WHAT IS EXPECTED ▸ The lines to reproduce from the material below are those from the one containing "71960070 alte Postkarte" through the one containing "Женская рубашка поло", both included; write them out exactly and add nothing.

PROVIDED MATERIAL ▸
.....
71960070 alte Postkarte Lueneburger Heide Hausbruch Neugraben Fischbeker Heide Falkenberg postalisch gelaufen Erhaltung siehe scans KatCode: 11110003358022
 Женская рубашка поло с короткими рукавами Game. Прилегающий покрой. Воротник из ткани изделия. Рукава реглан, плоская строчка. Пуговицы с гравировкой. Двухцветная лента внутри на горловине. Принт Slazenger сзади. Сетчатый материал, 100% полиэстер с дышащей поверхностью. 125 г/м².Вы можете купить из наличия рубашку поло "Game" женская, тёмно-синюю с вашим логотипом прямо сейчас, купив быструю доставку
.....
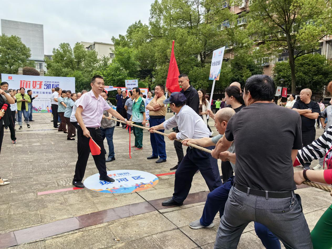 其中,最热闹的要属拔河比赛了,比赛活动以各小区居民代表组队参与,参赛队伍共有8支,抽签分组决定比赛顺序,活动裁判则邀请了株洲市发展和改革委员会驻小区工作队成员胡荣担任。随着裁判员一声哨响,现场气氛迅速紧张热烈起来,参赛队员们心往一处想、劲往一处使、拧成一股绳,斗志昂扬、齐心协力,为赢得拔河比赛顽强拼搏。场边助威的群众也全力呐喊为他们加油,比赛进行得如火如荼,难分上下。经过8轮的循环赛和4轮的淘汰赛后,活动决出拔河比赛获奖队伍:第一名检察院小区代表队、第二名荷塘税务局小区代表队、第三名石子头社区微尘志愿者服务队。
.....
EXERCISE RESULT ▸
71960070 alte Postkarte Lueneburger Heide Hausbruch Neugraben Fischbeker Heide Falkenberg postalisch gelaufen Erhaltung siehe scans KatCode: 11110003358022
 Женская рубашка поло с короткими рукавами Game. Прилегающий покрой. Воротник из ткани изделия. Рукава реглан, плоская строчка. Пуговицы с гравировкой. Двухцветная лента внутри на горловине. Принт Slazenger сзади. Сетчатый материал, 100% полиэстер с дышащей поверхностью. 125 г/м².Вы можете купить из наличия рубашку поло "Game" женская, тёмно-синюю с вашим логотипом прямо сейчас, купив быструю доставку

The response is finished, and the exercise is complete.